There is a trade-off here, though. The more we pack into the original spec,
the longer it is going to take to finish and the more behind native APIs we
will be by the time we ship. I am also confident that we will be able to
get this enabled as an extension after we ship MVP/1.0, as long as we have
an issue open about it and there are still customers who need it.

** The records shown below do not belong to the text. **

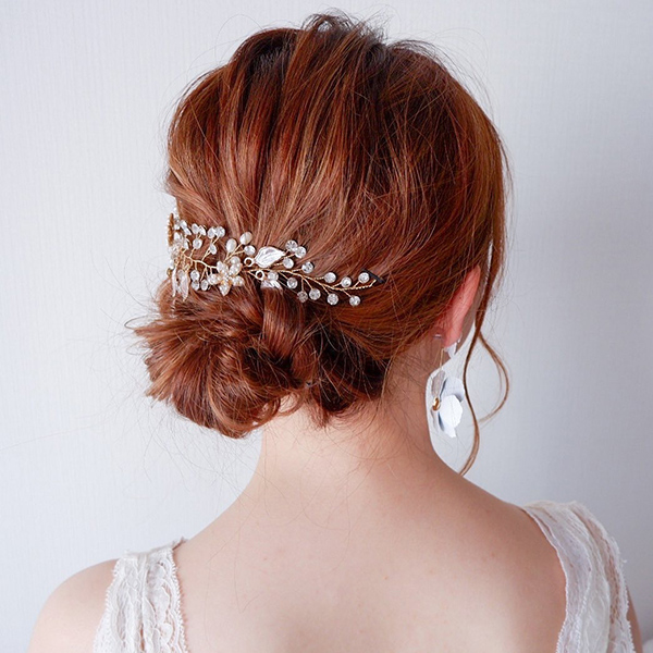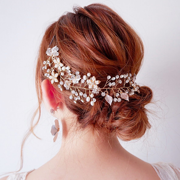 パールやビジュー、ラインストーン、リーフやフラワーと可愛いものが詰まったヘッドドレス!
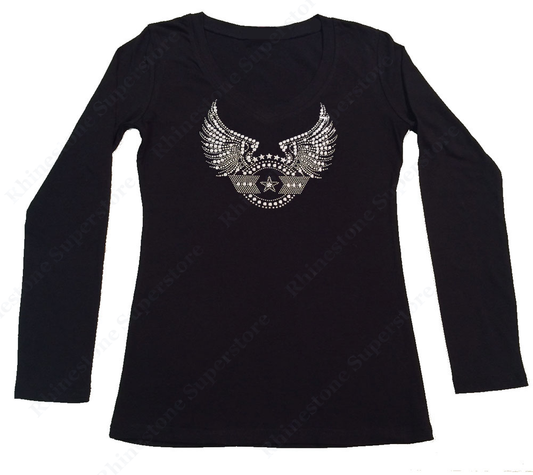 Womens T-shirt with Gothic Dragon in Rhinestones
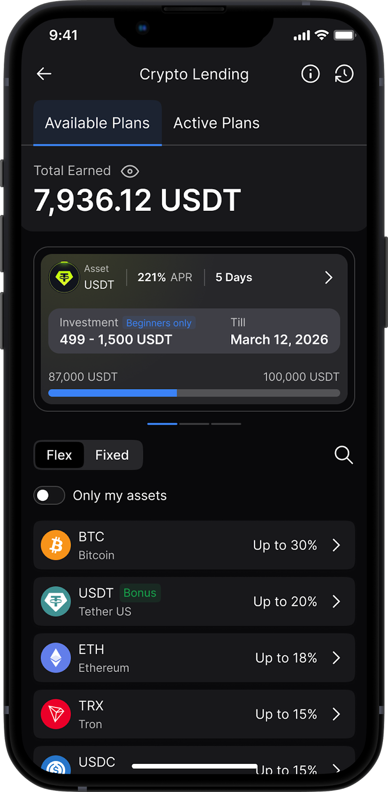 Криптодепозит для институциональных клиентов позволяет компаниям вкладывать свои криптовалютные активы. Таким образом, компании могут получать проценты от своих вложений. Функционал позволяет эффективно управлять своими активами благодаря гибким срокам вкладов, максимальным процентным ставкам и специальным установленным лимитам.
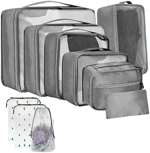 Travel Accessories Kofferorganizer, set van 10 stuks, pakzakken, lichtgewicht kledingtassenset voor rugzak en koffer, maten pakkubussen koffer (grijs)

On Tue, Aug 6, 2019 at 10:14 AM Dzmitry Malyshau <dmalyshau@mozilla.com>
wrote:

> Hi Kevin,
>
> Thanks for correcting me on the clip distance! Apparently, it's not as
> much that clip-distance is outdated, as it's my knowledge about it:)
>
> The supporting links you have provided are good material for a future
> investigation issue.
>
> Regards,
>
> Dzmitry
>
>
> On 8/6/19 12:48 PM, Kevin Rogovin wrote:
>
> Hi,
>
>  Thank you for the fast response. I will file issues separately, but I
> will share my thoughts on the reply.
>
> Firstly, Vulkan does support HW-clip planes,
> indeed VkPhysicalDeviceFeatures has fields for both clipping and culling
> (shaderClipDistance and shaderCullDistance) along with how many from the
> fields maxClipDistances and maxCulldistances from VkPhysicalDeviceLimits.
> In addition, Metal also support clip-distance in its shading language, see
> 5.2.3.3 Vertex Function Output Attributes of the Metal 2.2 shading spec,
> https://developer.apple.com/metal/Metal-Shading-Language-Specification.pdf.
> D3D12 also support clip-distance, see the enumeration D3D12_CLIP_OR_CULL_DISTANCE_COUNT
> at https://docs.microsoft.com/en-us/windows/win32/direct3d12/constants .
> Also, saying the clip-planes is a thing of the past is quite unrealistic as
> there are a significant number of rendering algorithms that I wish to
> employ that uses them. I do however advocate for it to be ok to report that
> there are no such clip-distance values supported since it is acceptable in
> Vulkan to not support clip-distance. Many GPU's dedicate a non-trivial
> amount of silicon to implement these user-defined clip-planes and to not
> make them available when present seems far from ideal. Emulating HW-clip
> planes through compute is quite icky though (and typically involving
> atomic-ops in the compute shader) and emulating it through discard is the
> worst possible.
>
> Secondly, on the subject of advanced blend equations, I would rather that
> the feature was part of the spec from day 0 with the ability to query if it
> was supported. For UI rendering these blend modes prevent a large amount of
> terrible poorly performant options. These blend equations are already
> available as extensions in Vulkan, see
> https://www.khronos.org/registry/vulkan/specs/1.1-extensions/html/vkspec.html#VK_EXT_blend_operation_advanced.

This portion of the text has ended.